Online interviews were conducted in April 2017 with a nationally representative sample of 2,000 general moviegoers (those who had seen at least one movie in a theater in the past year), between the ages of 13 and 54.

Moviegoers were segmented based on how much movie-related video content they consume on YouTube, looking at a range of content types (including, but not limited to trailers, behind-the-scenes featurettes, cast/crew interviews, fan reviews/commentaries and recaps). Respondents were assigned points based on how frequently they watch each type of movie-related video content. The segments we identified were:

a.        Avid YouTube Movie Fans, which includes both Heavy Fans (those with 16+ points) and Moderate Fans (with 5-15 points). The baseline of engagement for this group is watching some type of movie-related content on YouTube at least five times a week.

b.       Light YouTube Movie Fans, who watch movie-related content on YouTube, but less than five times a week.

c.        Non-YouTube Movie Fans, moviegoers who may or may not use YouTube, but are typically not using it for movie-related content (0 points).

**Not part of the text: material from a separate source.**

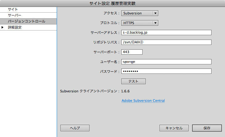 使い方は、Dreamweaver CS5にある「サイト設定」→「バージョンコントロール」でBacklogのリポジトリパスを設定するだけ。かんたーん。

Avid and Engaged Consumers

The ‘Avid YouTube Movie Fans’ are studios’ most active and urgent moviegoers. ‘Avid YouTube Movie Fans’ saw 2x as many movies in theaters in the past year as ‘Non-YouTube Movie Fans,’ with ‘Heavy YouTube Movie Fans’ seeing more than 1 movie per month (12.4 movies per year) and ‘Moderate YouTube Movie Fans’ seeing 9.3 movies per year (compared to 5.6 for the ‘Non-YouTube Movie Fans’).

They have higher awareness and enthusiasm for blockbusters and niche movies alike[1]. Furthermore, ‘Avid YouTube Movie Fans’ can help drive opening weekend box office results. Not only are they more intent to see upcoming movies, they are more likely to turn out on opening weekend – reporting 3.4x as likely as ‘Non-YouTube Movie Fans’ to see movies on opening weekend.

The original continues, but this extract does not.